• [What is needed]: Could you repeat all of the entries word for word, minus any pictures?

• [Data for this task]:
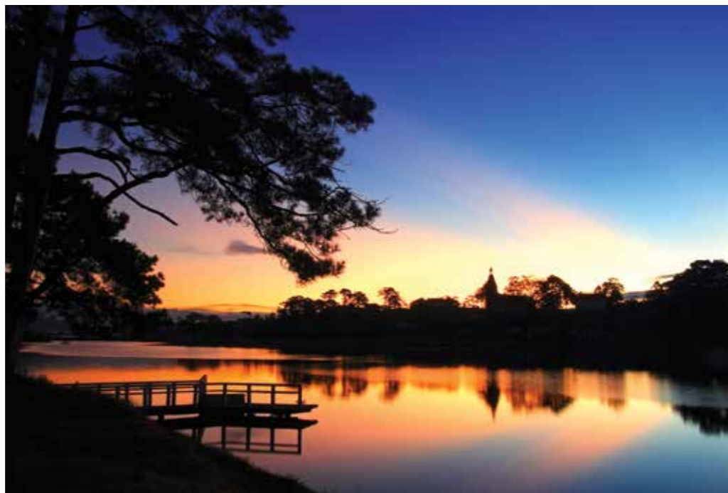
Озеро Суанхьюнг (Xuan Huong)

Если во время пляжного отдыха вам захочется окунуться в легкую и романтическую атмосферу французской провинции — обязательно отправьтесь в Далат — «город вечной весны» и обязательно расскажите своим друзьям, что побывали во Франции, не покидая пределы Вьетнама. //
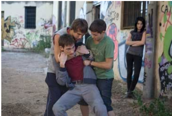
Imagen 1: Extraída de Película “Bullying”

Imágenes extraídas de la película “Bullying”
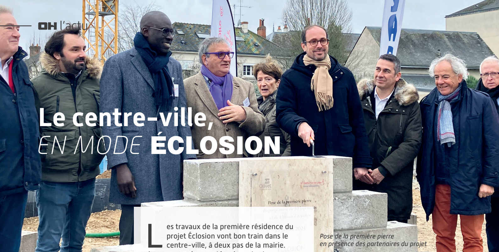
Pose de la première pierre en présence des partenaires du projet

La première pierre du projet Éclosion a été posée le 22 janvier. 39 logements sociaux sont en construction.
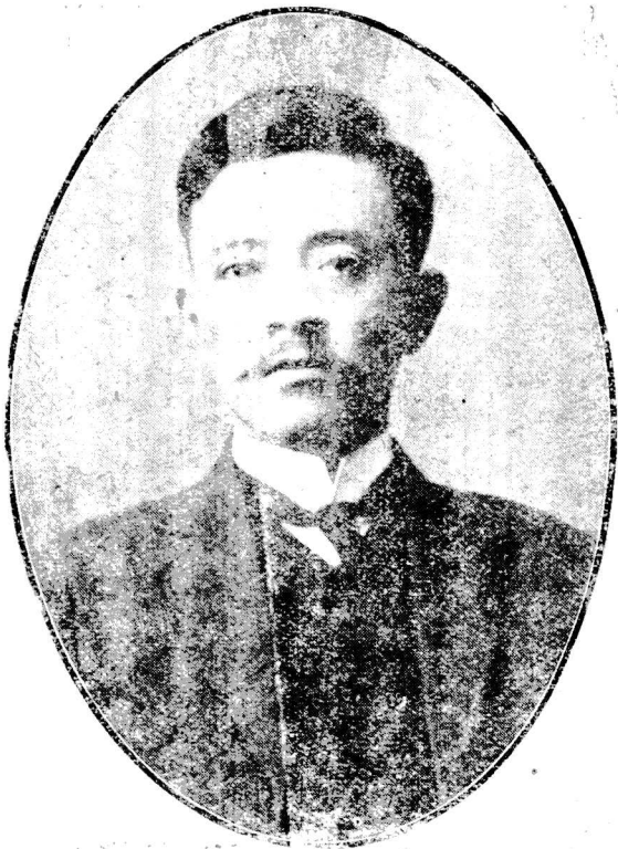
圖 三 宋 教 仁 像
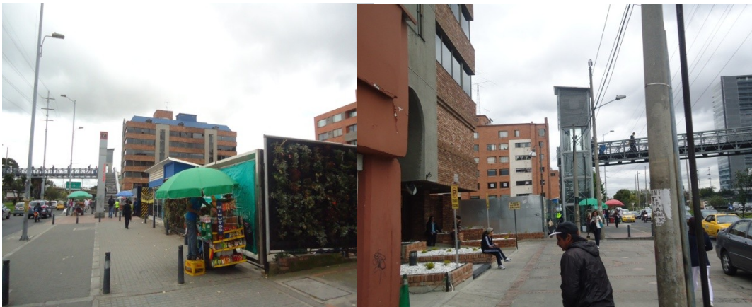
Foto panorámica donde se encontraba instalado el
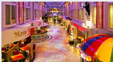
Genießen Sie die Vielfalt an Bord

Die Schiffe der COLOR LINE werden Sie begeistern. Die schwimmenden Hotels bieten Ihnen während Ihrer Kreuzfahrt eine Erlebniswelt der Extraklasse. Das Herz der faszinierenden Schiffe ist die 160 Meter lange Promenade mit Geschäften, Cafés und Restaurants. Besonders beliebt ist die Observation Lounge ganz oben auf Deck 15 – Sie können beim Cocktail das Rundum-Panorama über die Ostsee oder den Oslo-Fjord genießen! Allabendlich heißt es „It's show time“ im großen Theater (Tischreservierung gegen Gebühr),
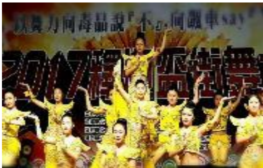
圖 64 結合「釋迦功德會」辦理反毒反飆車舞蹈大賽
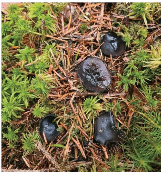
Abb. 10: Fruchtkörper von Pseudoplectania nigrella am Kleinen Arbersee (Foto: 6.5.2021).
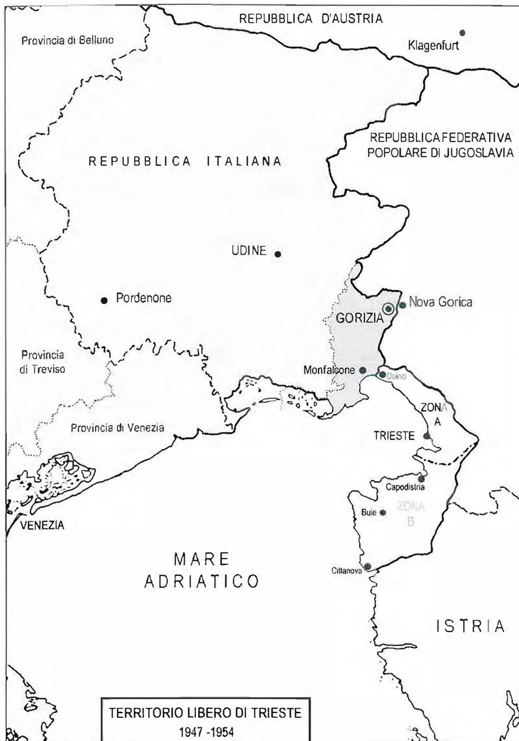
Fig. n. 5: il Territorio libero di Trieste 1947-1954
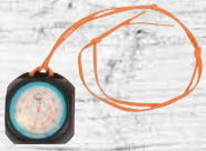
z. B. Höhenmesser ab 2,50 €/Tag

TIPP: Hochwertiges Touren-Equipment ausleihen und testen!
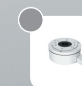
DS-1280ZJ-XS Монтажная коробка

• [Your solution]:
Озеро Суанхьюнг (Xuan Huong)

Если во время пляжного отдыха вам захочется окунуться в легкую и романтическую атмосферу французской провинции — обязательно отправьтесь в Далат — «город вечной весны» и обязательно расскажите своим друзьям, что побывали во Франции, не покидая пределы Вьетнама. //
Imagen 1: Extraída de Película “Bullying”

Imágenes extraídas de la película “Bullying”
Pose de la première pierre en présence des partenaires du projet

La première pierre du projet Éclosion a été posée le 22 janvier. 39 logements sociaux sont en construction.
圖 三 宋 教 仁 像
Foto panorámica donde se encontraba instalado el
Genießen Sie die Vielfalt an Bord

Die Schiffe der COLOR LINE werden Sie begeistern. Die schwimmenden Hotels bieten Ihnen während Ihrer Kreuzfahrt eine Erlebniswelt der Extraklasse. Das Herz der faszinierenden Schiffe ist die 160 Meter lange Promenade mit Geschäften, Cafés und Restaurants. Besonders beliebt ist die Observation Lounge ganz oben auf Deck 15 – Sie können beim Cocktail das Rundum-Panorama über die Ostsee oder den Oslo-Fjord genießen! Allabendlich heißt es „It's show time“ im großen Theater (Tischreservierung gegen Gebühr),
圖 64 結合「釋迦功德會」辦理反毒反飆車舞蹈大賽
Abb. 10: Fruchtkörper von Pseudoplectania nigrella am Kleinen Arbersee (Foto: 6.5.2021).
Fig. n. 5: il Territorio libero di Trieste 1947-1954
z. B. Höhenmesser ab 2,50 €/Tag

TIPP: Hochwertiges Touren-Equipment ausleihen und testen!
DS-1280ZJ-XS Монтажная коробка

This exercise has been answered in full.